Notaba a papá preocupado; aunque hubo pan, huevos y chocolate en la mesa como cualquier mañana, papá lucía impaciente. Imaginé que se debía a la situación económica por la que atravesamos en el país. He escuchado en las noticias que en estos tiempos es muy difícil hallar un empleo; entonces, pregunté a mi madre si papá estaba en peligro de perder su trabajo o algo similar. Temía una mala noticia en ese instante que hubiese causado una catástrofe sin precedentes en mi pequeño mundo de ilusiones. Papá nunca dejaba de sonreír y esta mañana lo notaba muy nervioso. Lo supe porque le temblaban las comisuras de los labios como reprimiendo frases de auxilio para no exasperar a una fiera salvaje.

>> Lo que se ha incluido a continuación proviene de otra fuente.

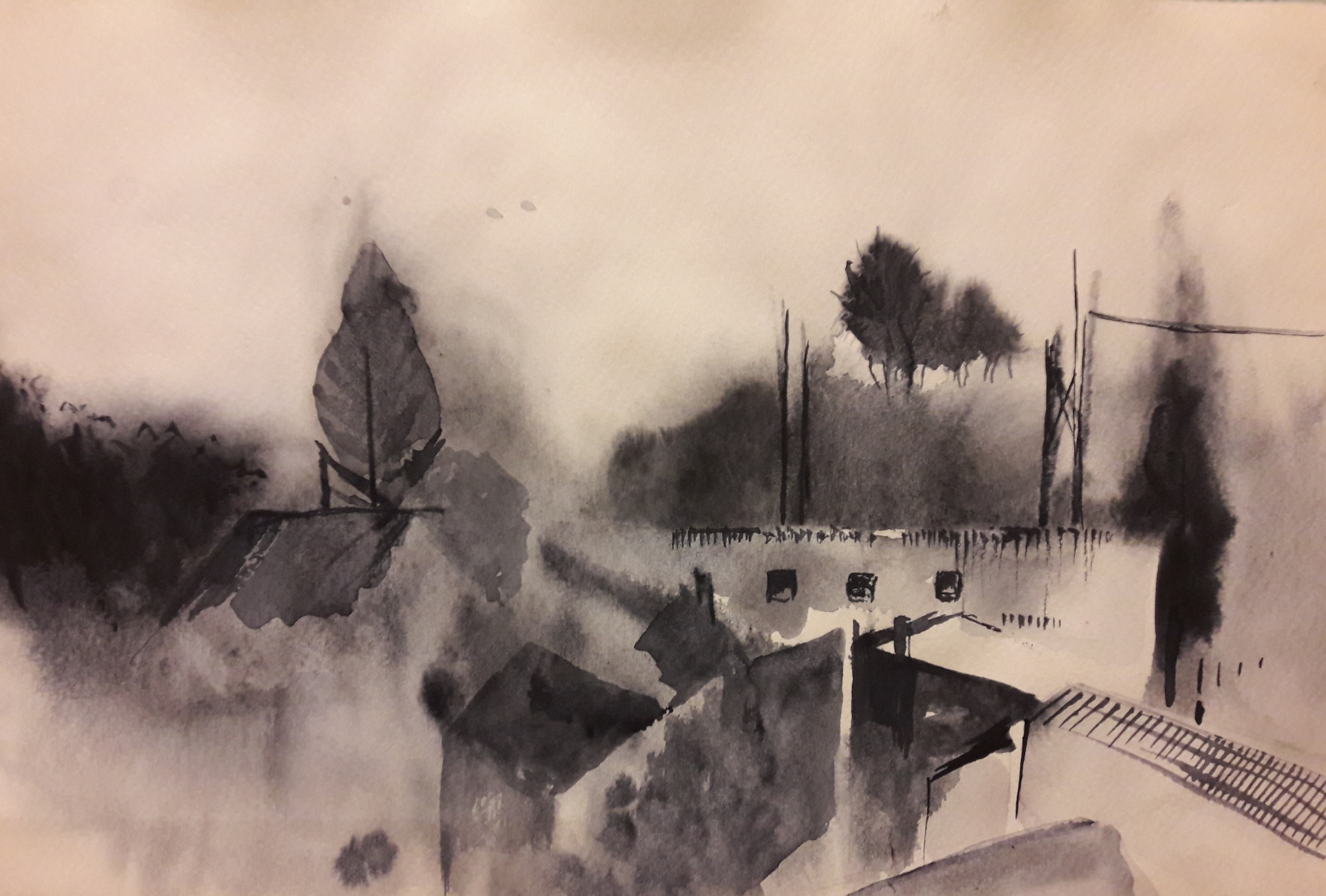 Landschap Aquarel Dorpsgezicht
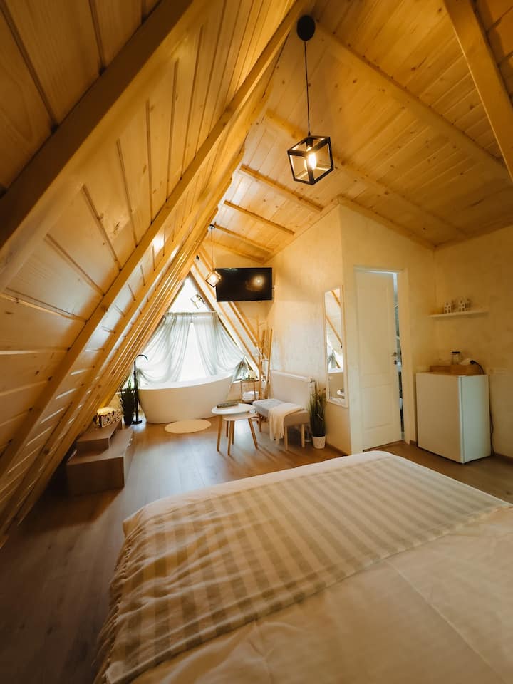 (3.3) الغرفة مع حوض الاستحمام في مقصورة على شكل حرف A
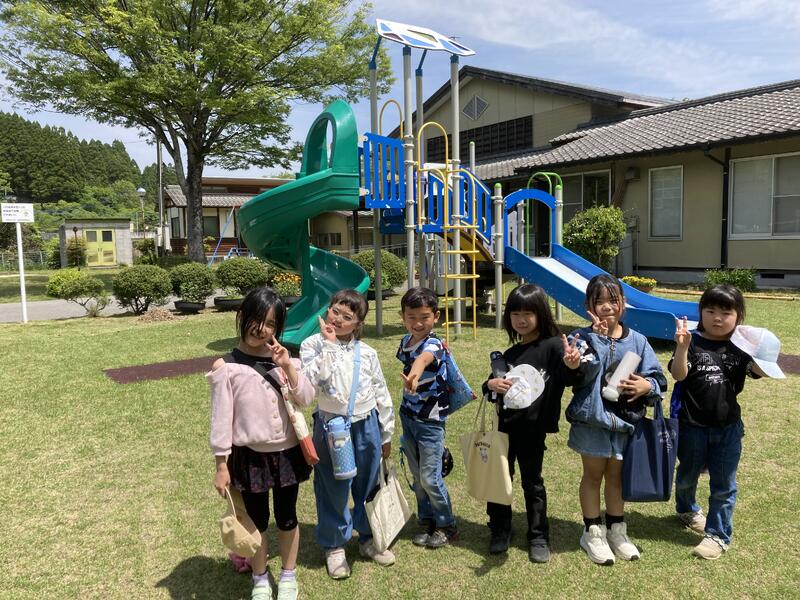 1,2,3年生の様子です。トッパ丸のシュガートーストと一緒に「はいチーズ!!」
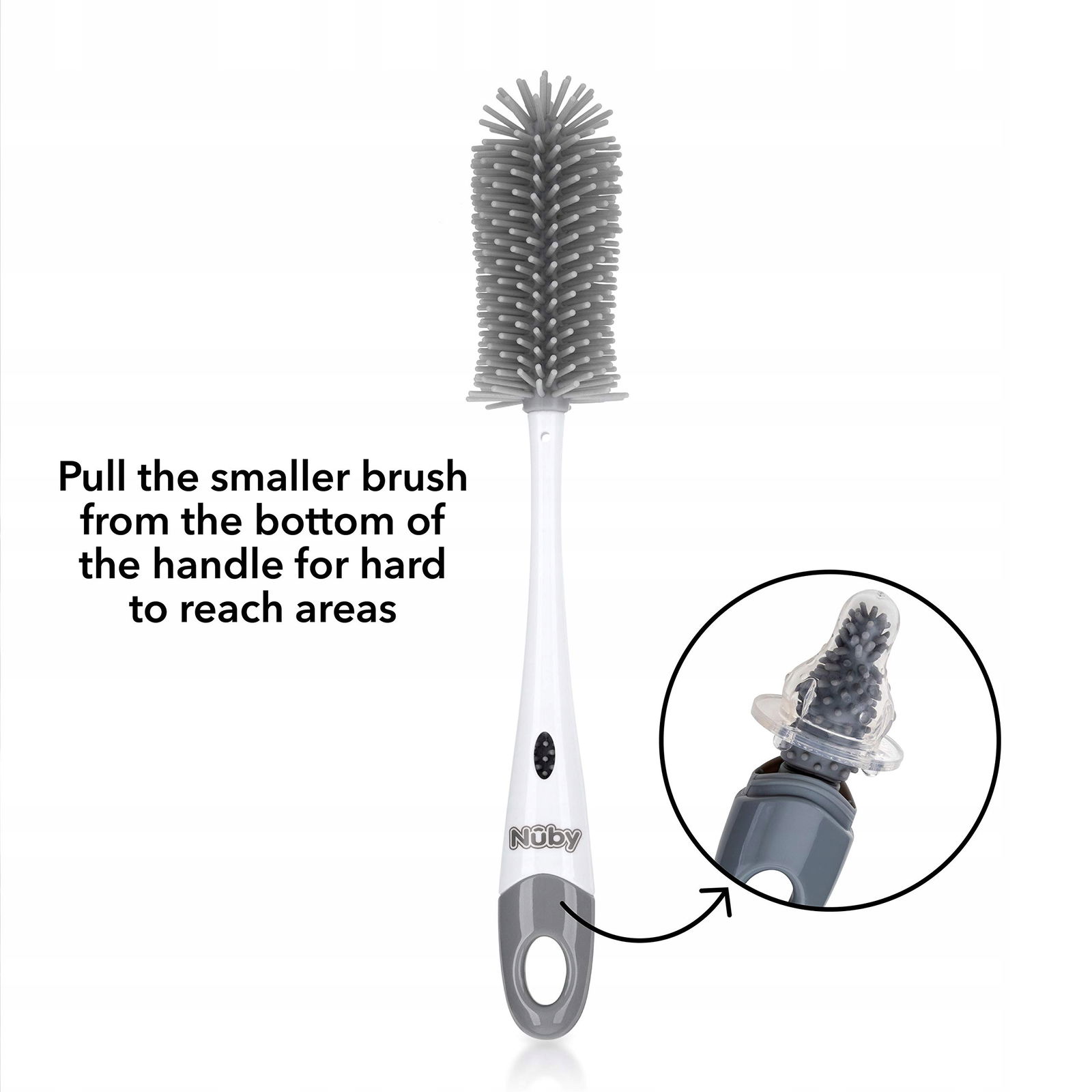 ✅ Funkcjonalność 2w1: Duża szczotka z miękkim włosiem jest idealna do dokładnego mycia wnętrza butelek, zaś mniejsza, ukryta w rączce, służy do precyzyjnego czyszczenia smoczków, bez ich uszkadzania.
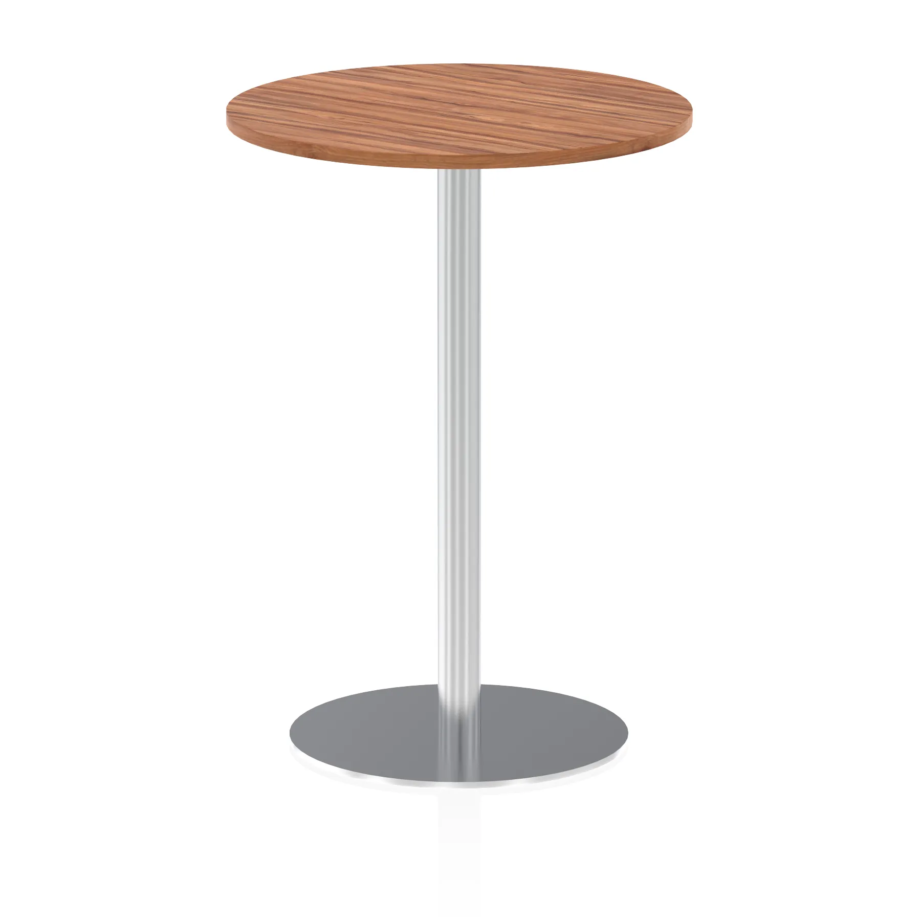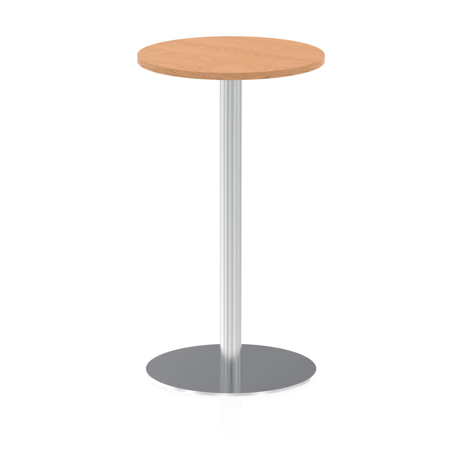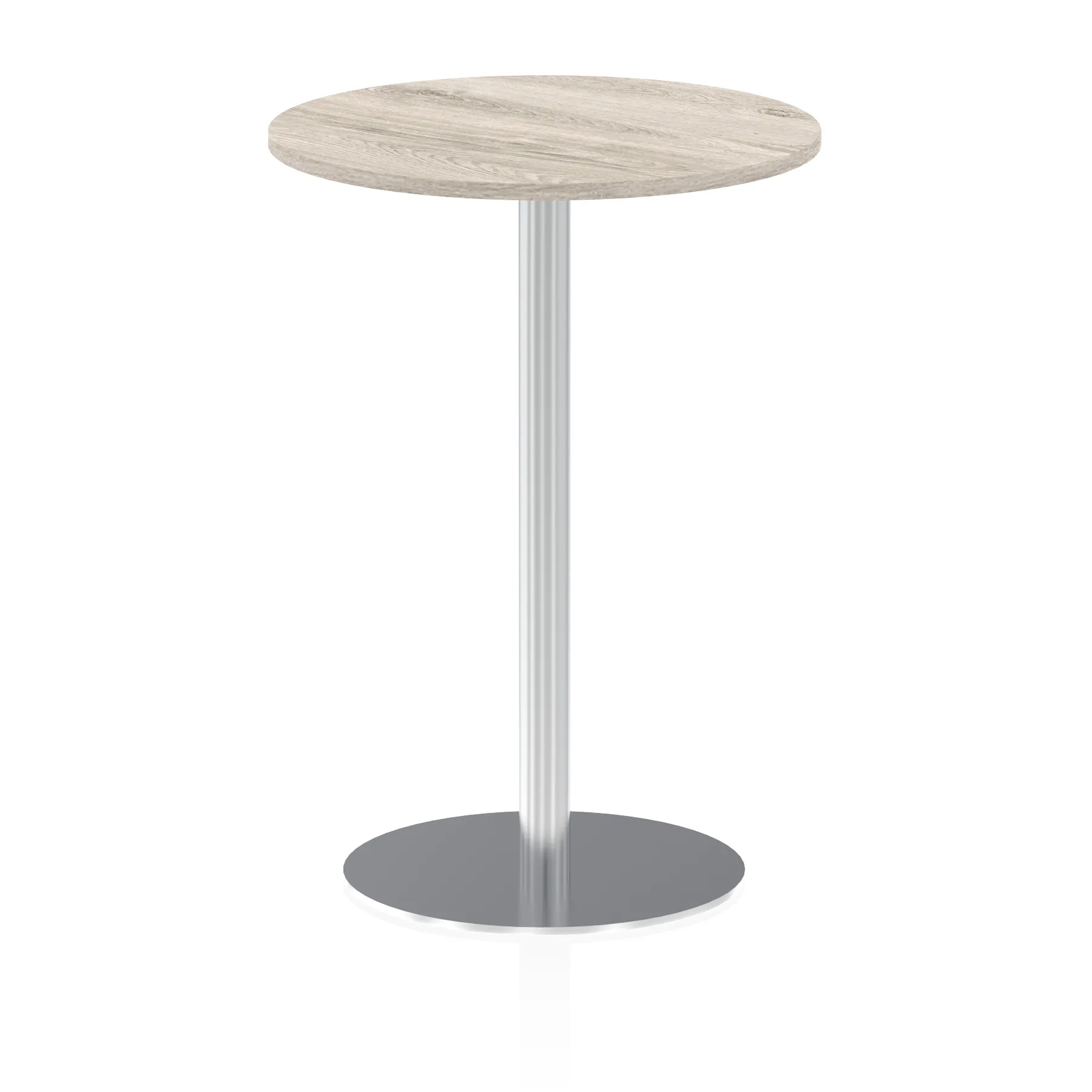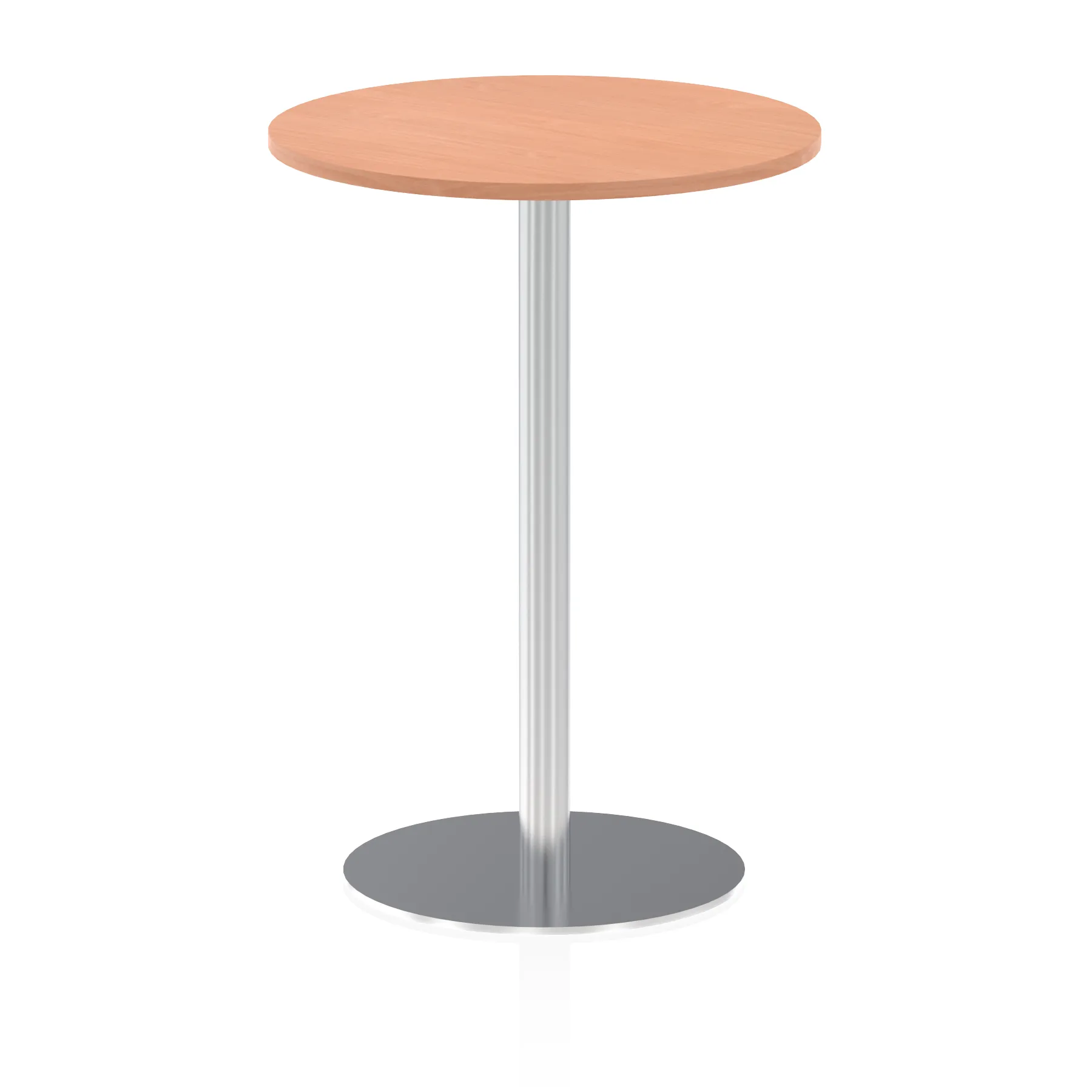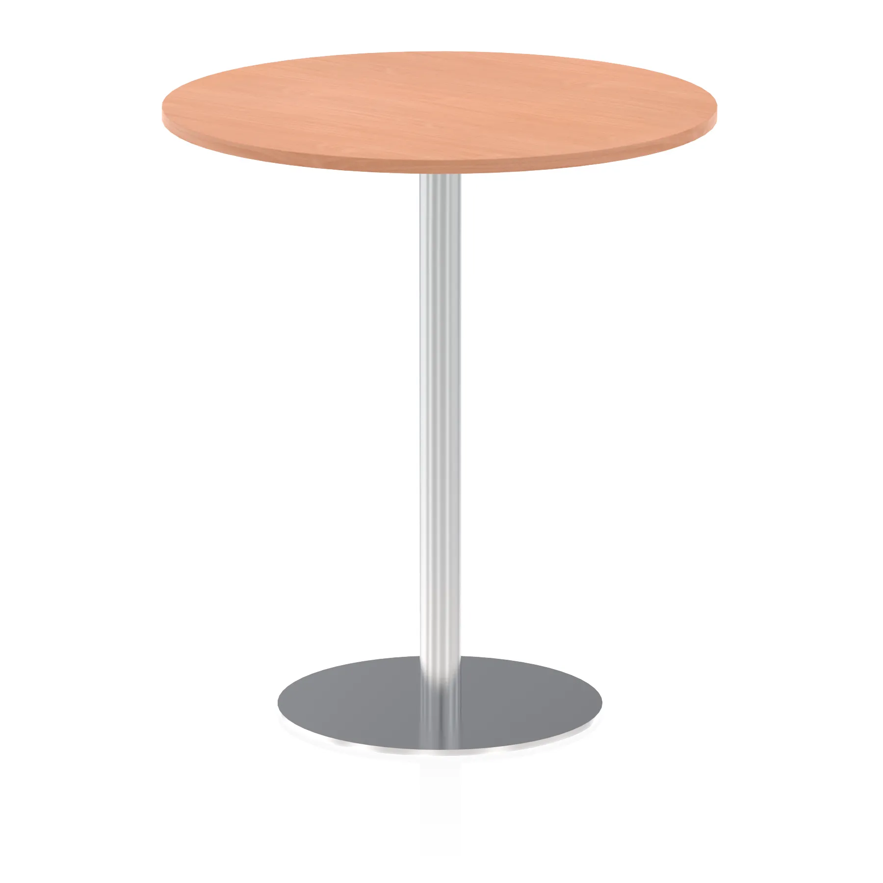 25mm thick desk top profile | Brushed stainless steel effect circular base (580mm diameter) | Brushed stainless steel pillars (76mm diameter) | Weighted base provides stability | Two part bolted frame system
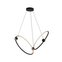 The Isho collection evokes a feeling of futuristic modern elegance. With rings of illumination colliding organically, this series is inspired by orbital patterns seen in our galaxy and beyond. Each ring is affixed by a small, illuminated orb, adding to the organic and other worldly beauty of this collection. Available in a two or three ring chandelier, the Isho is sure to be the center of any space's gravity.
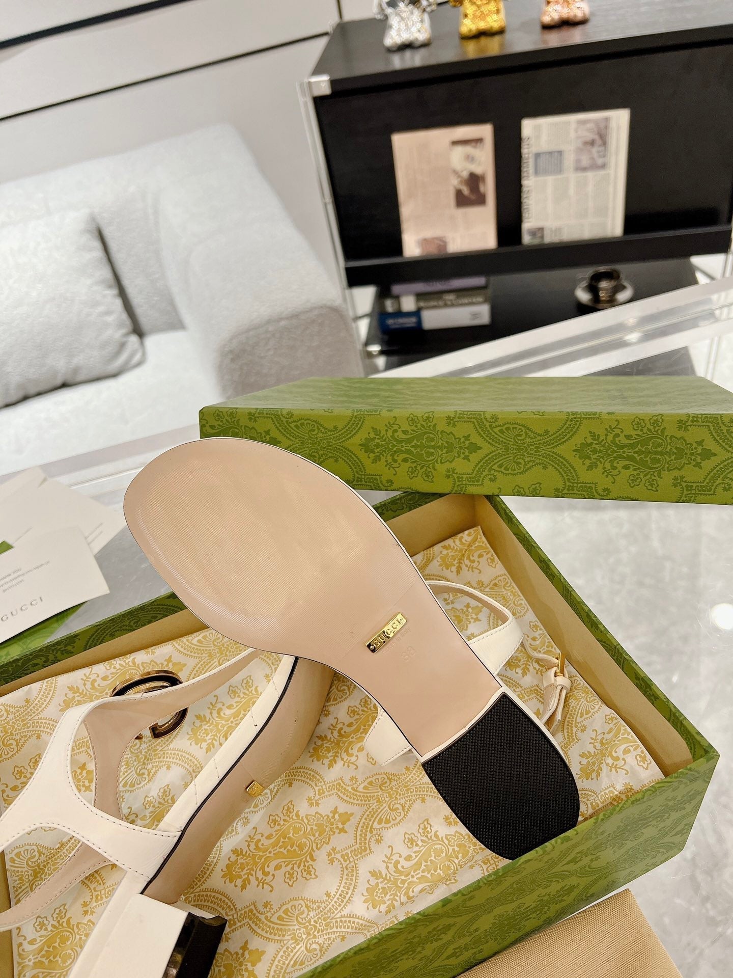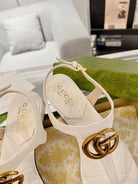 GC Double G Block Heel Thong Sandals White Leather 292408
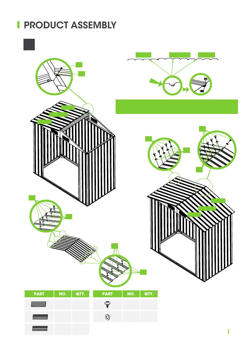 Install Shed Top Panels in the order shown.
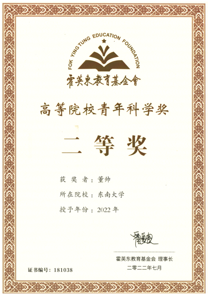 近日,霍英东教育基金会第十八届高等院校青年科学奖及教育教学奖正式揭晓,浦京集团官网董帅教授荣获高等院校青年科学奖二等奖。这是浦京集团官网教师首次获此殊荣。
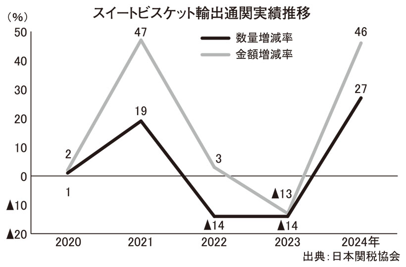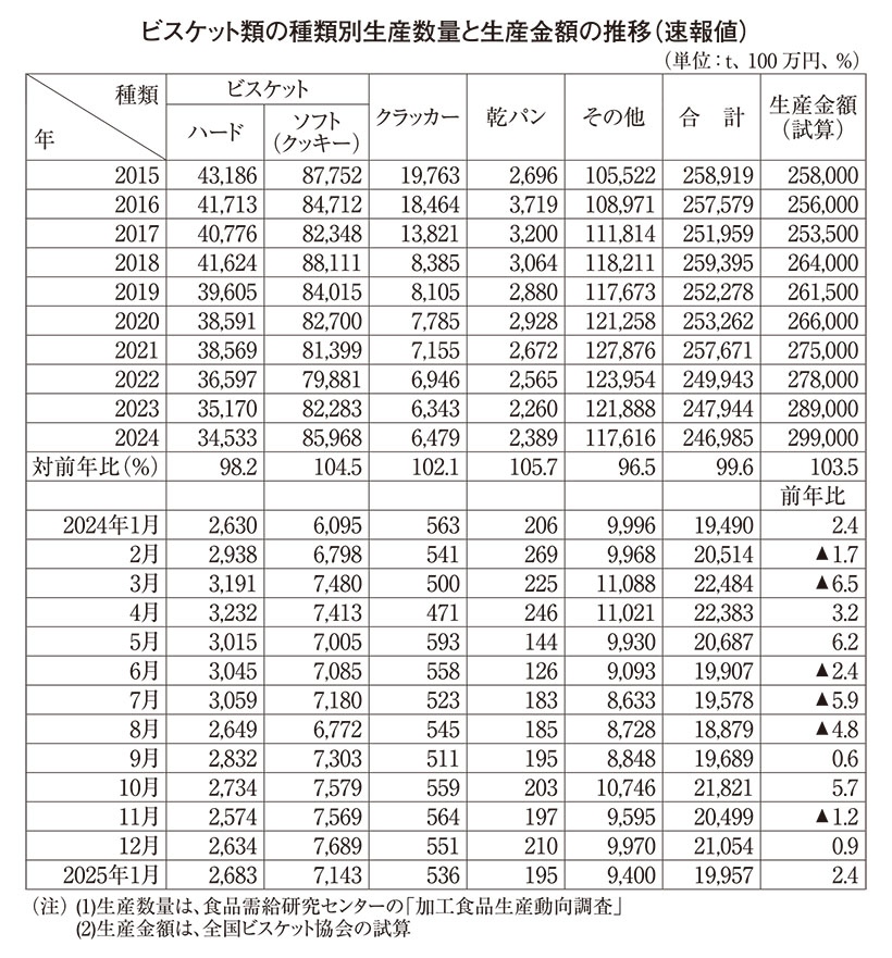 菓子 特集 2025.12.03全日本菓子協会が公開した24年のビスケット市場は小売金額4410億円と、初めて市場規模4000億円を突破した23年の記録を更新した。25年もその波は継続しており、KSP-POSデータの25年1~10月の累計販売金額は前年比5.7%増、販売数量は同1.…続きを読む

Yo, por el contrario, albergaba un carnaval de emociones en mi estómago. Sentía como si las comparsas se movieran de un lado a otro en mis entrañas y los tambores repicaran en mi pecho; no podía disimular lo expectante y ansiosa que me encontraba. Pero, a pesar de su extraño comportamiento, no renunciaba a mi pretensión de comprender a papá. Seguramente no había sido fácil para él, ni lo sería para nadie, tener que explicar a su jefe que llegaría cualquier mañana, de un día común y corriente, acompañado de su hija de nueve años al sitio de trabajo. No obstante, debo aclarar que prometí evitar al máximo convertirme en un tropiezo para él. Mi único objetivo, el hálito que me daba fuerzas para vivir este nuevo día, era la fortuna de conocer su trabajo para contarle a mis amigas del colegio lo bueno que era para las otras personas, aquello que papá hacía. Para ser un poco más sincera, estaba cansada de lo vanidosas que resultaban mis compañeras de curso cuando se referían al oficio de sus padres.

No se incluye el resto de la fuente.